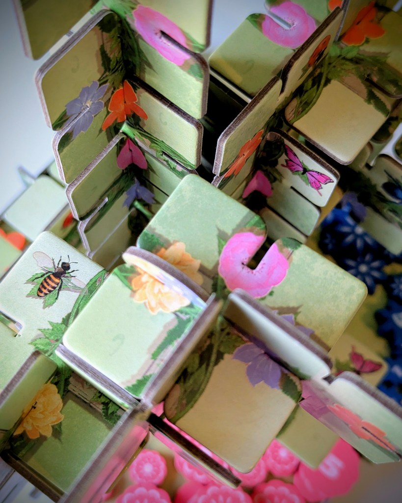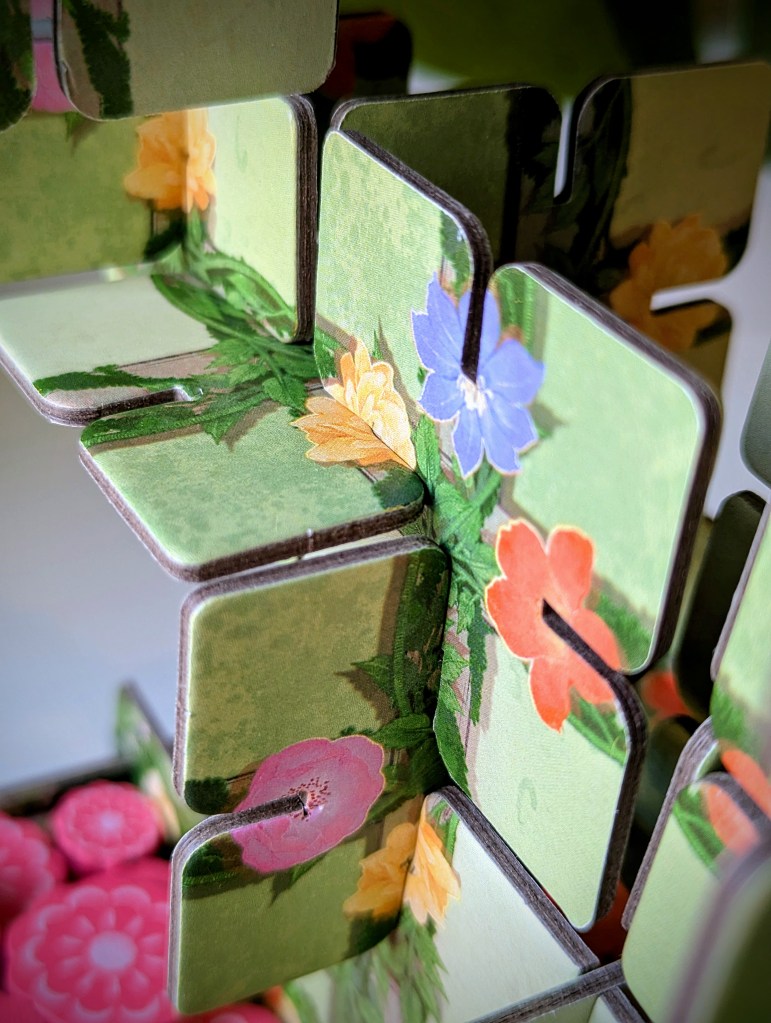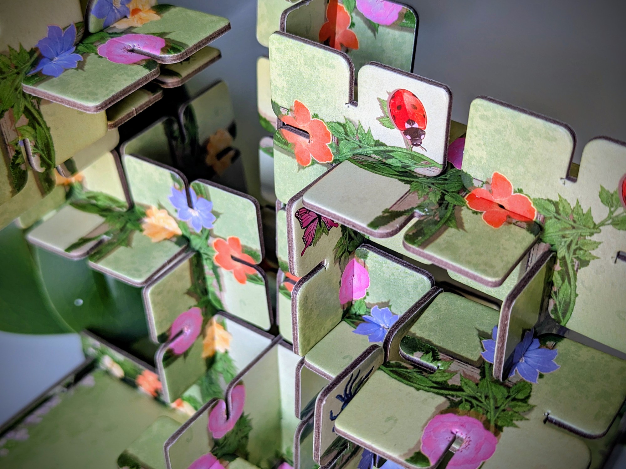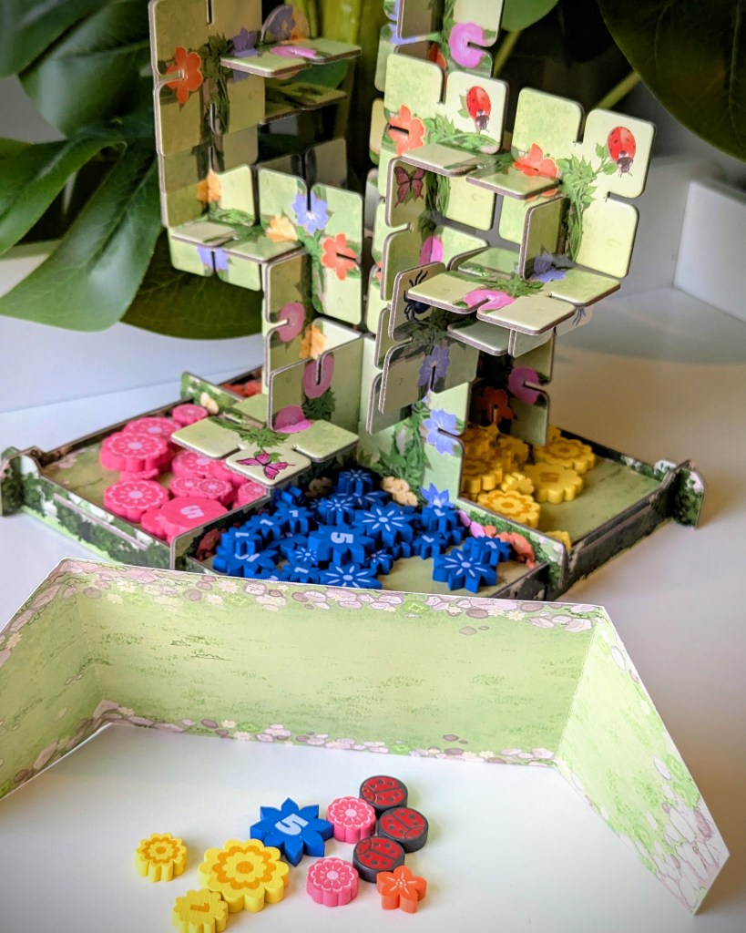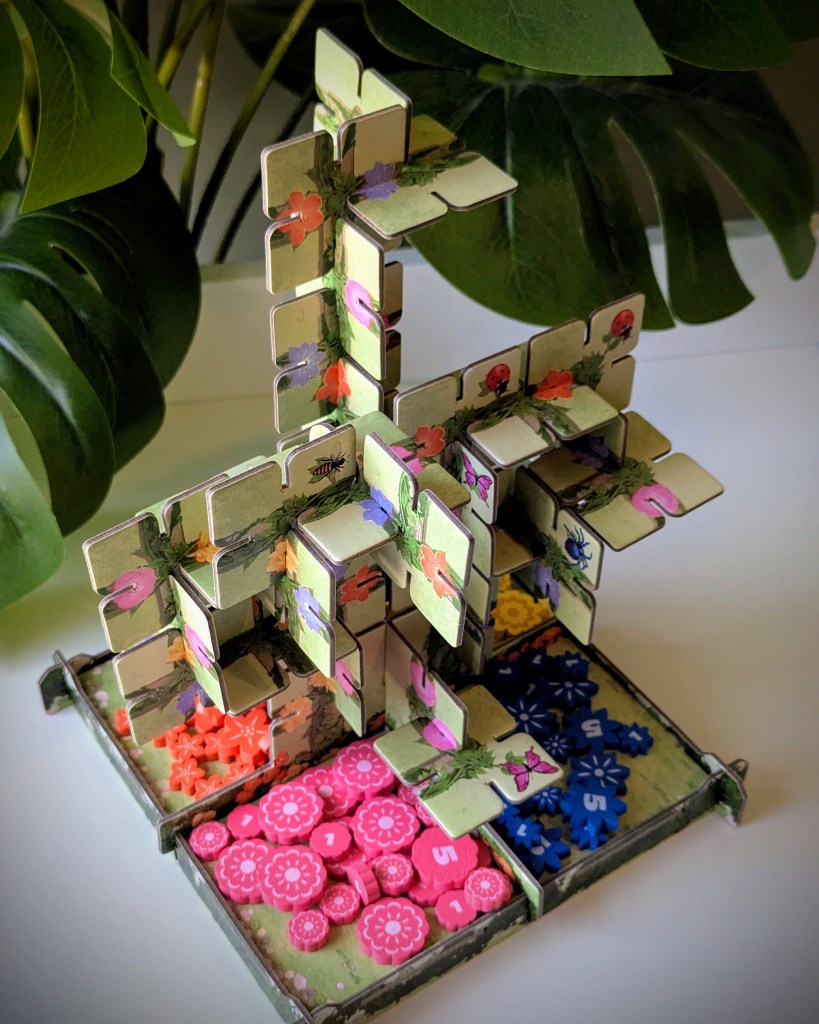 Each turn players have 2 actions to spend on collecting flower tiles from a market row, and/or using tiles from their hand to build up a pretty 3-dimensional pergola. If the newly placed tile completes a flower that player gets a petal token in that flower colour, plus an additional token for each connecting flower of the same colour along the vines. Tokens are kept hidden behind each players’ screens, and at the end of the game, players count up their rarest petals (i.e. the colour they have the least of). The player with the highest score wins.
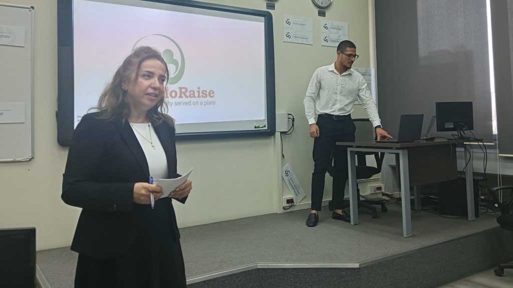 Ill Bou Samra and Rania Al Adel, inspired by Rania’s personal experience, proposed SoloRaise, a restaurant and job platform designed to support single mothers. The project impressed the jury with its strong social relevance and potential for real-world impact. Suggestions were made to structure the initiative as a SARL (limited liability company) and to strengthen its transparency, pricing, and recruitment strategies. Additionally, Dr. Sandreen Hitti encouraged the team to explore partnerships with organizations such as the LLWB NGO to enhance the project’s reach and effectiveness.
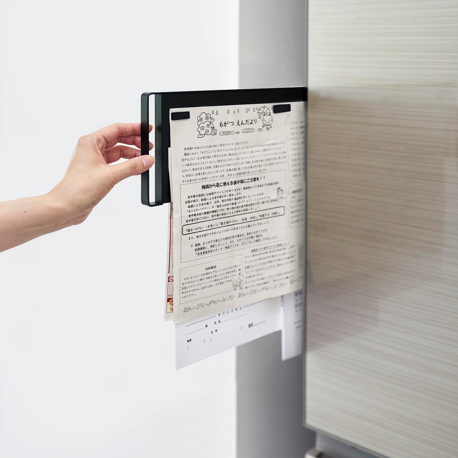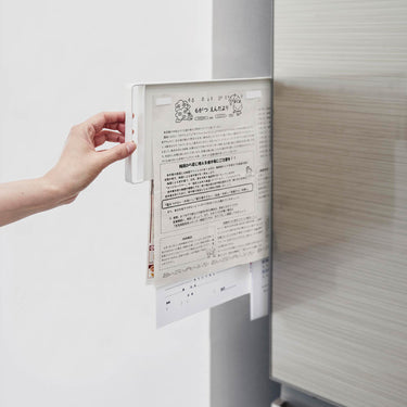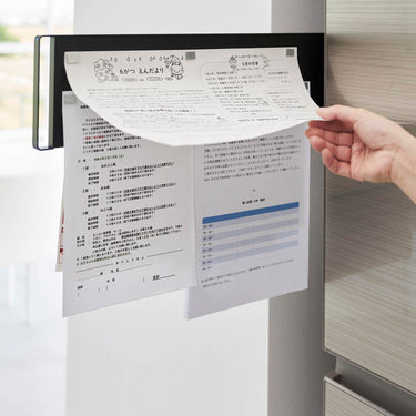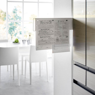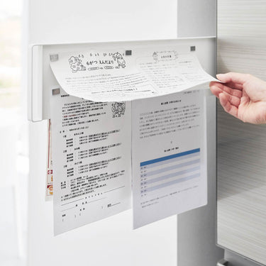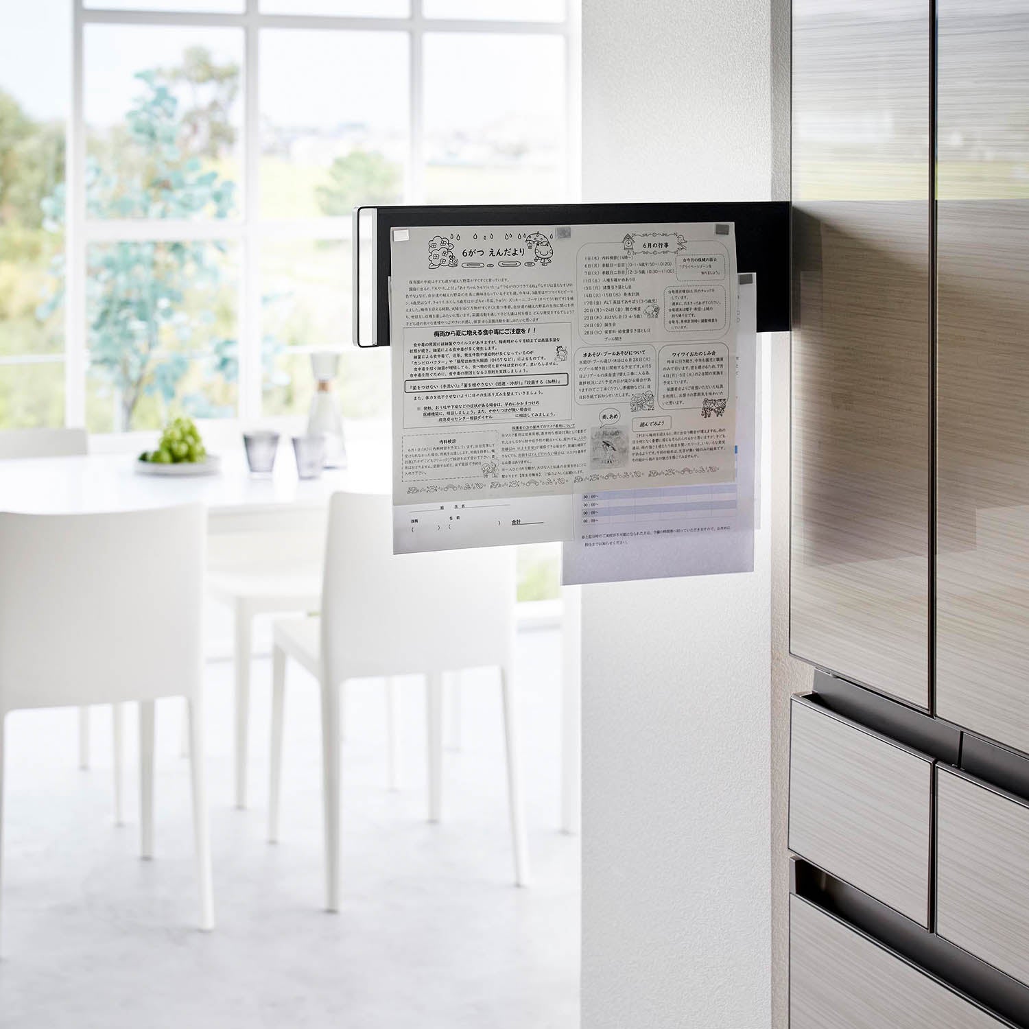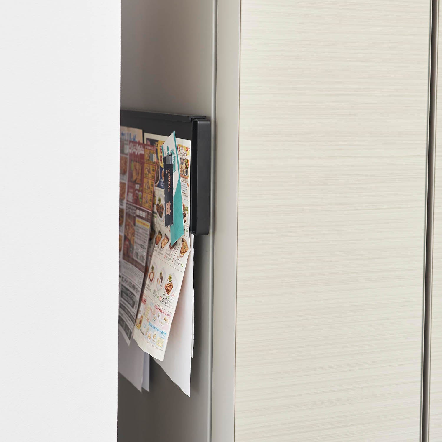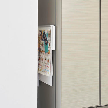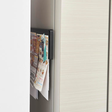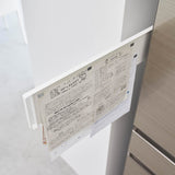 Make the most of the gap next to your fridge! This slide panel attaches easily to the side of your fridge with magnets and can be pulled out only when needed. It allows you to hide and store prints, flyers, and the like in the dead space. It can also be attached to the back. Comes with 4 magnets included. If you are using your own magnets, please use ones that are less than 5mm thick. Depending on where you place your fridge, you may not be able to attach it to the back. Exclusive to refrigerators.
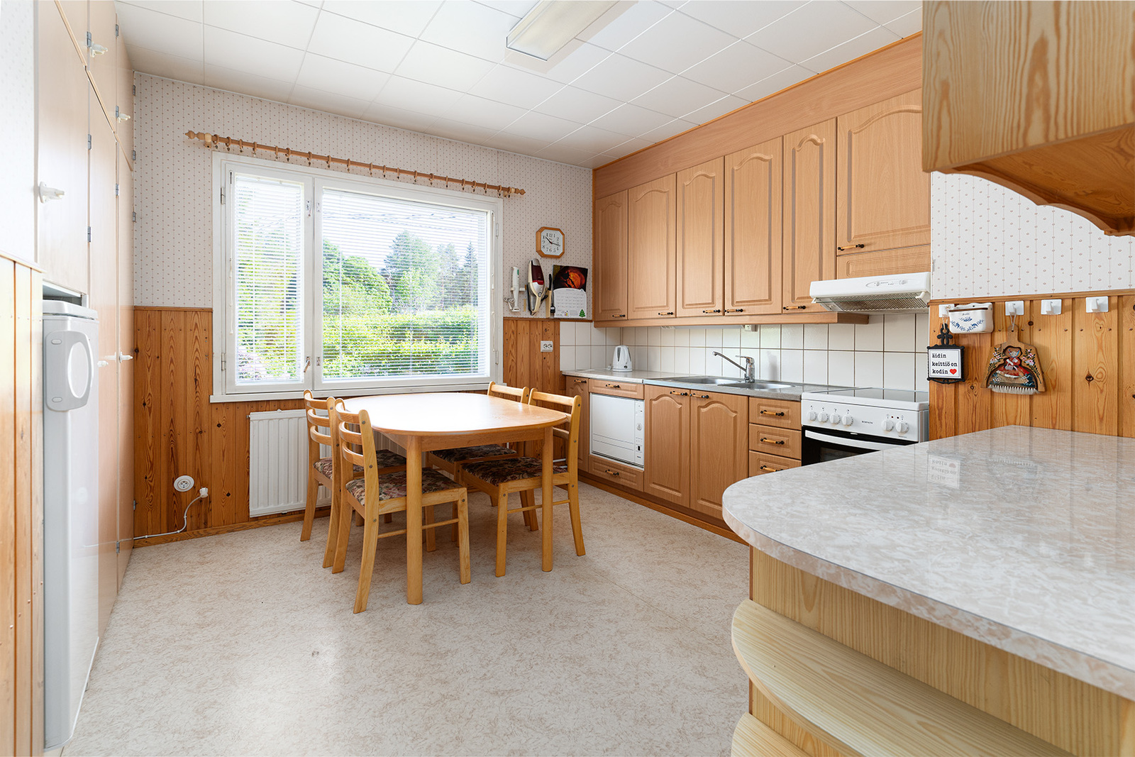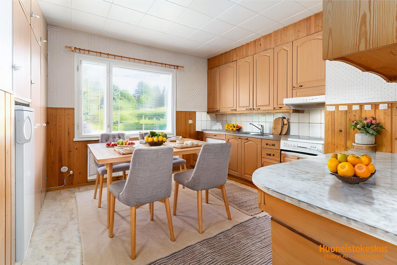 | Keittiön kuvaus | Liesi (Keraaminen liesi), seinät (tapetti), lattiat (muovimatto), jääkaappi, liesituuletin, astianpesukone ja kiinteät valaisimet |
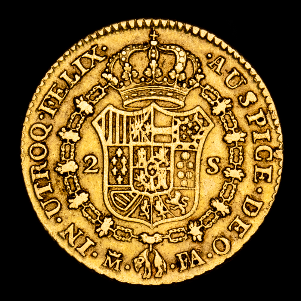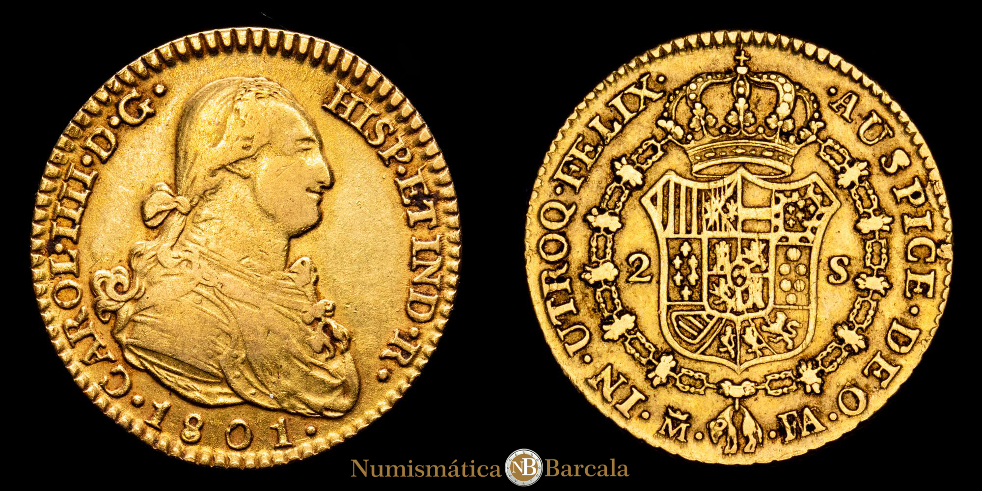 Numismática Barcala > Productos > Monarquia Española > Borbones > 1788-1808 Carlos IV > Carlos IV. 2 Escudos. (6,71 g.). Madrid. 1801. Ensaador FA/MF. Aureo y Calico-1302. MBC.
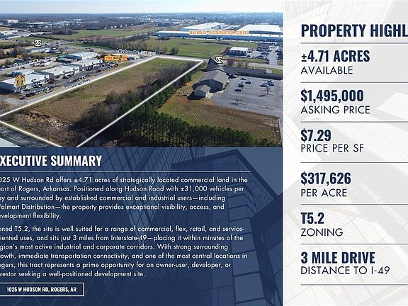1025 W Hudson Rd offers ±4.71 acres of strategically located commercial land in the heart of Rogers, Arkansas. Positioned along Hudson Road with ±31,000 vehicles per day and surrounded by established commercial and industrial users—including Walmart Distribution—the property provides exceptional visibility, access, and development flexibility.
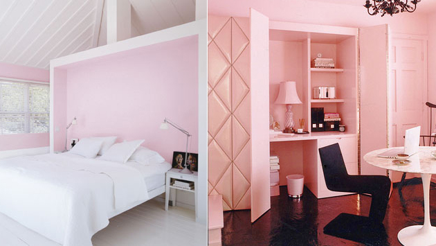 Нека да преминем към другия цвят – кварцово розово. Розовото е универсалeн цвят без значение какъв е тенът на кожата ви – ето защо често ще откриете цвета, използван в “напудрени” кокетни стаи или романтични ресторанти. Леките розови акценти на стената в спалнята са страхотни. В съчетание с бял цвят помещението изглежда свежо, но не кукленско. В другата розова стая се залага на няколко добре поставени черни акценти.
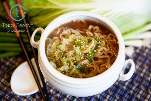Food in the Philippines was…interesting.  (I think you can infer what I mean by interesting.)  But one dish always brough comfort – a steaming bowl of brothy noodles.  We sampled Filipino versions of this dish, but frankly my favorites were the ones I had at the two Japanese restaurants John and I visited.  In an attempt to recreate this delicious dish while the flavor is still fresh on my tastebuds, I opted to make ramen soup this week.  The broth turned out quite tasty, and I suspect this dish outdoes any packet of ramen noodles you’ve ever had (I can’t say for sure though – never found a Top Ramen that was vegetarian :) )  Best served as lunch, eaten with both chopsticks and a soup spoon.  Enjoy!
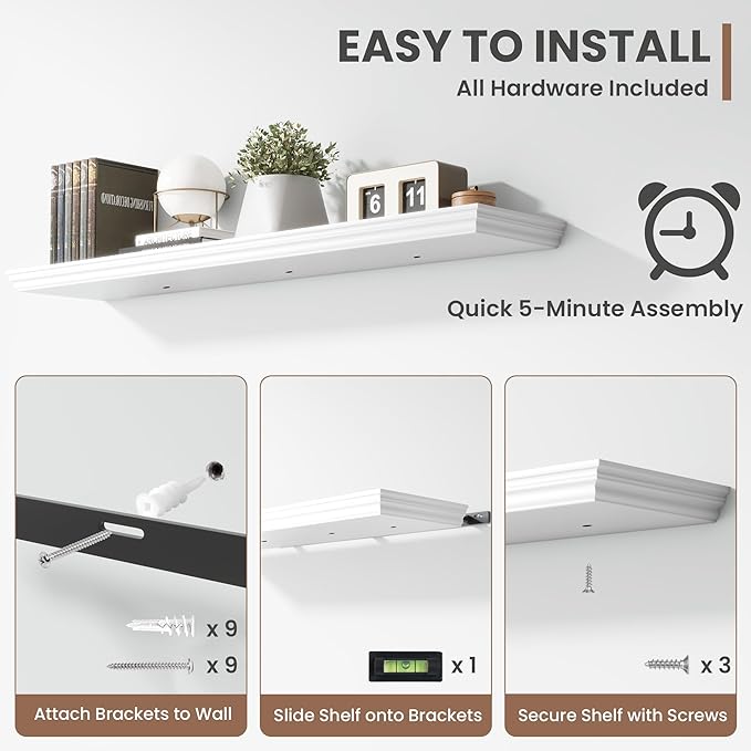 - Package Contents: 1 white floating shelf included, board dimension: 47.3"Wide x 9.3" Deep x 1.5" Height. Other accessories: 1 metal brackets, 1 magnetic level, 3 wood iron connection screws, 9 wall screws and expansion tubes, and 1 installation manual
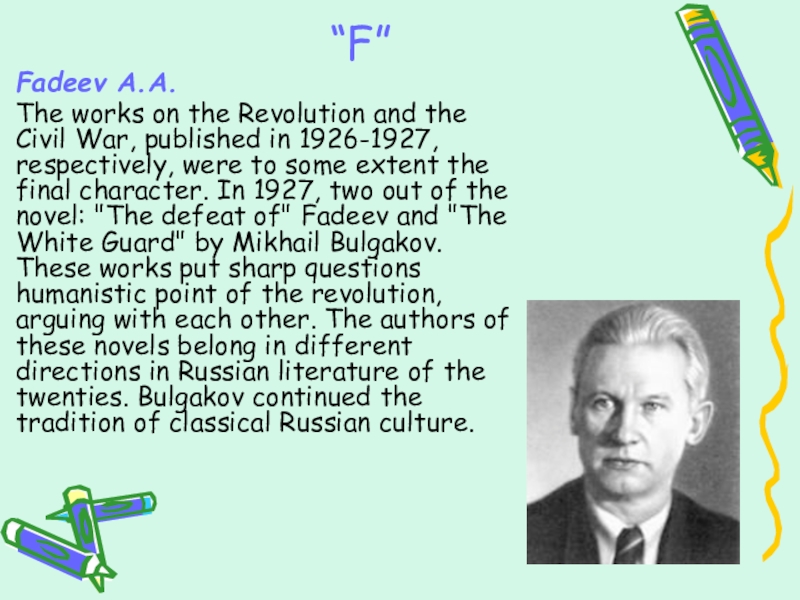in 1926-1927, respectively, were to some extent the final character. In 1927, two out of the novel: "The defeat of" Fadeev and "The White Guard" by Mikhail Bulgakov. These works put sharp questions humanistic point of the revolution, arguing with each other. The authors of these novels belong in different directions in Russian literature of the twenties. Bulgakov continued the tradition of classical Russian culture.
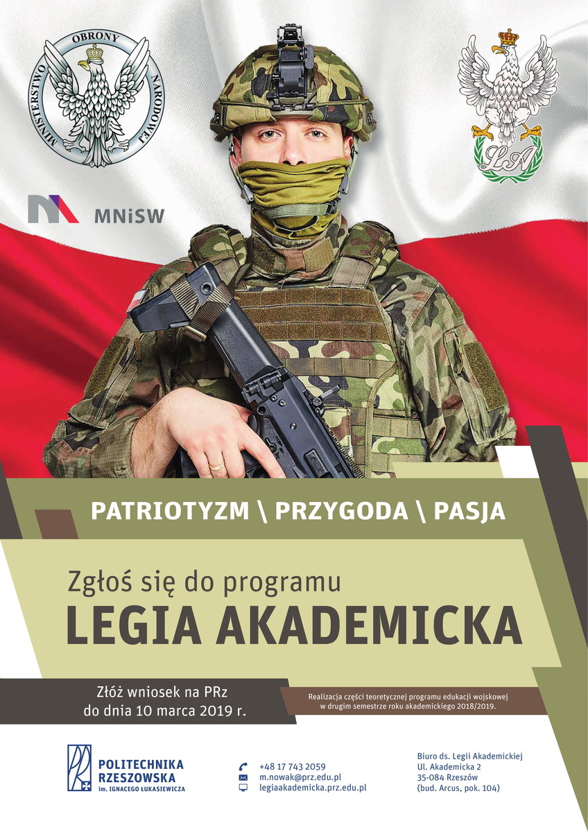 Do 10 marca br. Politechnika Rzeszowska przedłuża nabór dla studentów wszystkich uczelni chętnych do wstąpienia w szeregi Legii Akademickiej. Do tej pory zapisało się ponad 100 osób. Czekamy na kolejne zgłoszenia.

WORK REQUIRED -> Without the pictures, give all of the entries above again exactly.

SOLUTION TO THIS TASK ->
 Each turn players have 2 actions to spend on collecting flower tiles from a market row, and/or using tiles from their hand to build up a pretty 3-dimensional pergola. If the newly placed tile completes a flower that player gets a petal token in that flower colour, plus an additional token for each connecting flower of the same colour along the vines. Tokens are kept hidden behind each players’ screens, and at the end of the game, players count up their rarest petals (i.e. the colour they have the least of). The player with the highest score wins.
 Ill Bou Samra and Rania Al Adel, inspired by Rania’s personal experience, proposed SoloRaise, a restaurant and job platform designed to support single mothers. The project impressed the jury with its strong social relevance and potential for real-world impact. Suggestions were made to structure the initiative as a SARL (limited liability company) and to strengthen its transparency, pricing, and recruitment strategies. Additionally, Dr. Sandreen Hitti encouraged the team to explore partnerships with organizations such as the LLWB NGO to enhance the project’s reach and effectiveness.
 Make the most of the gap next to your fridge! This slide panel attaches easily to the side of your fridge with magnets and can be pulled out only when needed. It allows you to hide and store prints, flyers, and the like in the dead space. It can also be attached to the back. Comes with 4 magnets included. If you are using your own magnets, please use ones that are less than 5mm thick. Depending on where you place your fridge, you may not be able to attach it to the back. Exclusive to refrigerators.
 | Keittiön kuvaus | Liesi (Keraaminen liesi), seinät (tapetti), lattiat (muovimatto), jääkaappi, liesituuletin, astianpesukone ja kiinteät valaisimet |
 Numismática Barcala > Productos > Monarquia Española > Borbones > 1788-1808 Carlos IV > Carlos IV. 2 Escudos. (6,71 g.). Madrid. 1801. Ensaador FA/MF. Aureo y Calico-1302. MBC.
1025 W Hudson Rd offers ±4.71 acres of strategically located commercial land in the heart of Rogers, Arkansas. Positioned along Hudson Road with ±31,000 vehicles per day and surrounded by established commercial and industrial users—including Walmart Distribution—the property provides exceptional visibility, access, and development flexibility.
 Нека да преминем към другия цвят – кварцово розово. Розовото е универсалeн цвят без значение какъв е тенът на кожата ви – ето защо често ще откриете цвета, използван в “напудрени” кокетни стаи или романтични ресторанти. Леките розови акценти на стената в спалнята са страхотни. В съчетание с бял цвят помещението изглежда свежо, но не кукленско. В другата розова стая се залага на няколко добре поставени черни акценти.
Food in the Philippines was…interesting.  (I think you can infer what I mean by interesting.)  But one dish always brough comfort – a steaming bowl of brothy noodles.  We sampled Filipino versions of this dish, but frankly my favorites were the ones I had at the two Japanese restaurants John and I visited.  In an attempt to recreate this delicious dish while the flavor is still fresh on my tastebuds, I opted to make ramen soup this week.  The broth turned out quite tasty, and I suspect this dish outdoes any packet of ramen noodles you’ve ever had (I can’t say for sure though – never found a Top Ramen that was vegetarian :) )  Best served as lunch, eaten with both chopsticks and a soup spoon.  Enjoy!
 - Package Contents: 1 white floating shelf included, board dimension: 47.3"Wide x 9.3" Deep x 1.5" Height. Other accessories: 1 metal brackets, 1 magnetic level, 3 wood iron connection screws, 9 wall screws and expansion tubes, and 1 installation manual
in 1926-1927, respectively, were to some extent the final character. In 1927, two out of the novel: "The defeat of" Fadeev and "The White Guard" by Mikhail Bulgakov. These works put sharp questions humanistic point of the revolution, arguing with each other. The authors of these novels belong in different directions in Russian literature of the twenties. Bulgakov continued the tradition of classical Russian culture.
 Do 10 marca br. Politechnika Rzeszowska przedłuża nabór dla studentów wszystkich uczelni chętnych do wstąpienia w szeregi Legii Akademickiej. Do tej pory zapisało się ponad 100 osób. Czekamy na kolejne zgłoszenia.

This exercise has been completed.